A casa antiga, com estilo rococó, data de 1899 e foi retiro de verão da família real. Pertenceu ao industrial Alfredo da Silva, mas chegou às mãos do avô materno de Francisco Maria Balsemão, que ali passava as férias de verão durante a adolescência. Quando herdou a casa, o agora vice-presidente do grupo Impresa (que detém a SIC e o Expresso), percebeu que esta era grande de mais para viver e decidiu que seria perfeita para a construção de um hotel. E aproveitou o pátio para expandir o projeto ao edifício do lado, o tal onde Vhils deixou a sua marca. Estes dois edifícios unem-se agora através de uma estrutura de vidro, que simbolicamente representa a passagem "direta" entre os séculos. XIX e XXI.

O projeto de arquitetura é de Pedro Gomes Fernandes e o projeto de decoração e design do interior ficou a cargo de Marta Carreira, que assim se estreia na hotelaria. Os 19 quartos e suites estão divididos em quatro pisos e têm seis categorias com preços a partir de 210 euros (época baixa).

A decoração caracteriza-se por tons neutros e tecidos crus, destacados por um projeto de iluminação cuidado, e pelas peças de arte que pontuam as áreas públicas do hotel, como uma cópia de um auto-retrato de Rembrandt assinada pela artista londrina Fipsi Seilern ou peças de Alice Morey, Daniel Lergon, João Gabriel e João Vasco Paiva.

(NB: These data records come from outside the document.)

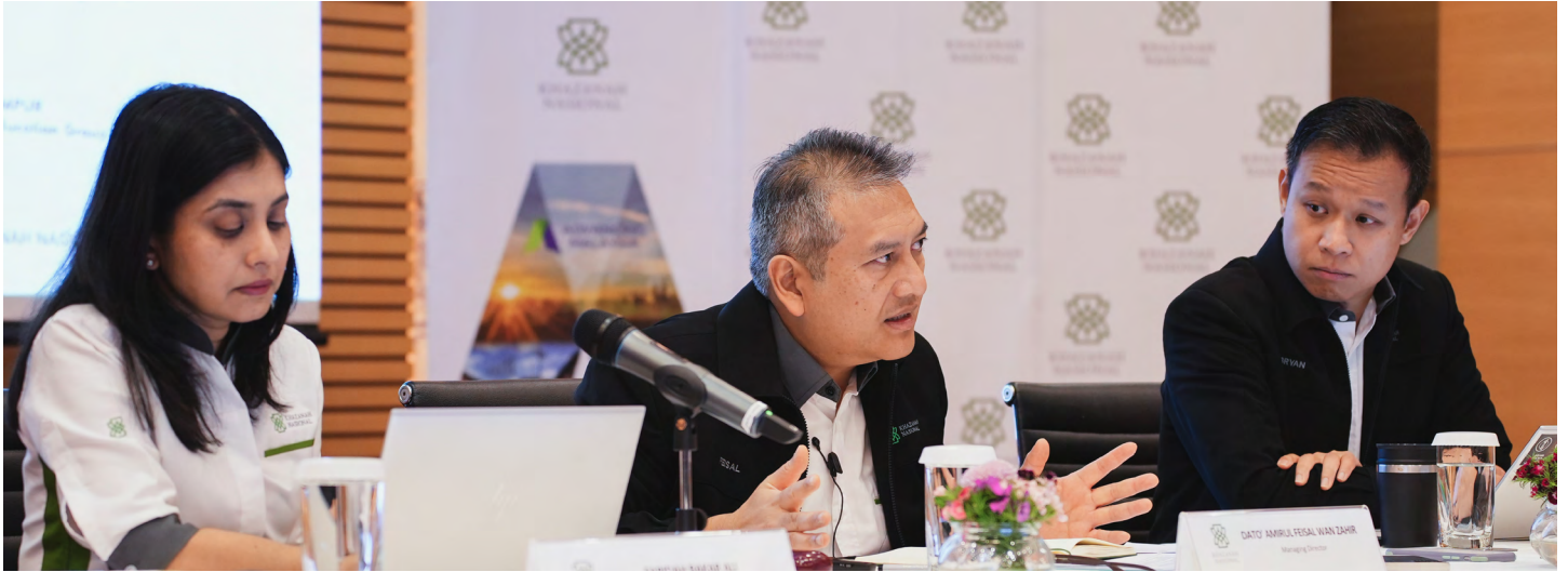
► Taklimat media Ulasan Tahunan Khazanah 2023 (KAR2023)

Portfolio Dana Impak menyasarkan penciptaan impak sosial yang berpanjangan dengan tumpuan menyeluruh terhadap kemampuan dan kesinambungan usaha Program Transformasi GLC (GLCT) yang bermula pada tahun 2005, yang berkembang kepada peluang-peluang pelaburan bertemakan kemampuan dan yang terkini, peranan utama kami dalam memacu ESG merentasi landskap korporat Malaysia. Pada tahun 2022, kami melancarkan penyata Jangkaan Pemegang Saham dan Kepengurusan Pelaburan yang memperincikan enam teras jangkaan syarikatsyarikat portfolio kami, termasuk menerapkan amalan perniagaan yang mampan.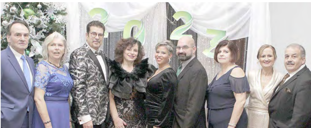
Festa de passagem de ano nos Amigos da Terceira em Pawtucket, RI.

E muito mais num contributo a uma projeção do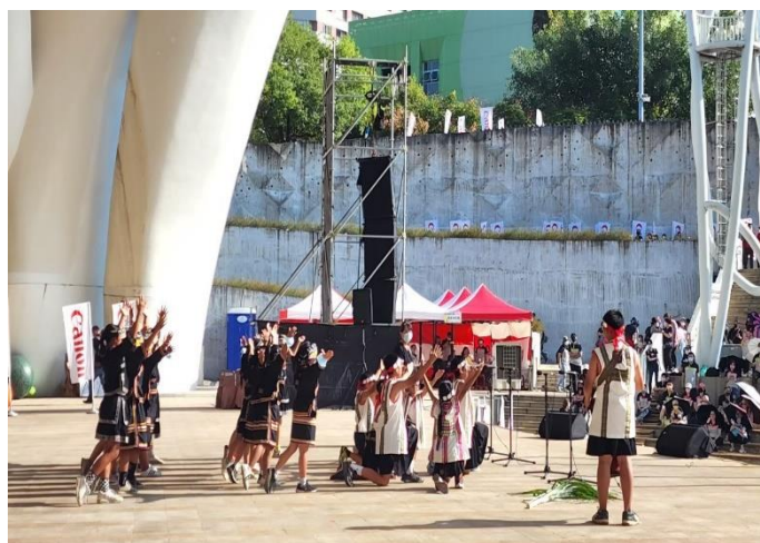
說明：現場布農歌謠表演。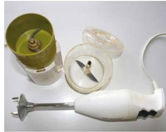
Oben links altes Modell von Moulinex (200 W), rechts daneben und unten „Zauberstab“ mit Zubehör „Zerkleinerer“.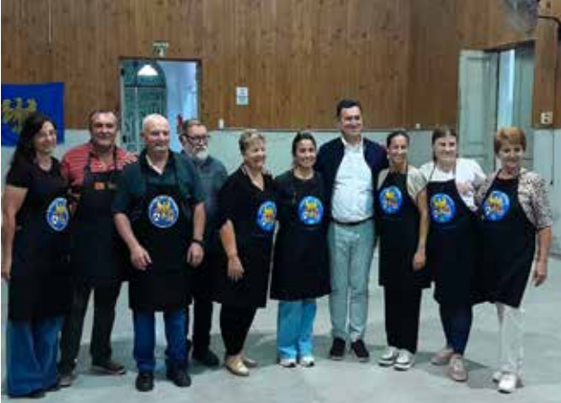
Cena de Bienvenida en la Sociedad Italiana de Sunchales.

El lunes 10 y martes 11 de marzo, recibimos la visita de una delegación Friulana.

A ideia que guiou a decoradora foi "mergulhar o hotel na sua envolvente" trazendo para os quartos elementos de areia e mar que remetem para as praias de Cascais e para a aura boémia da vila.

Os hóspedes que fiquem instalados no palacete terão quartos com tetos altos e com grandes janelas, de alto a baixo, com vistas das ruas e jardins de Cascais e, em certos quartos, da baía e do mar. Os hóspedes que optem por ficar num dos quartos na ala moderna terão a experiência de dormir dentro de uma escultura e acordar envolvidos pela luz que atravessa a instalação de Vhils, que abraça as janelas do lado de fora.

"O nosso objetivo foi transformar um palacete do século XIX num hotel de charme de 5 estrelas, demonstrando o melhor de Cascais e trabalhando em colaboração com artistas e produtores nacionais. O conceito do hotel foca-se na criação de uma ligação entre a arte e a história, mas também entre o clássico e antigo e o moderno e contemporâneo," afirma Francisco Pestana, diretor-geral do hotel, em comunicado.

No piso térreo, o Artsy conta com um Library Bar, para trabalhar ou relaxar, e um restaurante encabeçado pelo chef Daniel Estriga, o Art. Aberto de terça a domingo entre as 19h00 e a 1h00, oferece uma experiência personalizada e um menu flexível focado essencialmente em evidenciar os produtos do mar, mas também com pratos com "influências do mundo inteiro, incluindo tradições portuguesas reajustadas à realidade dos nossos dias".

O Rooftop do Artsy, exclusivo para hóspedes, tem uma piscina aquecida entre os 26 e os 30 graus, um honesty bar onde os hóspedes podem fazer os seus próprios cocktails, e vista sobre a zona histórica de Cascais.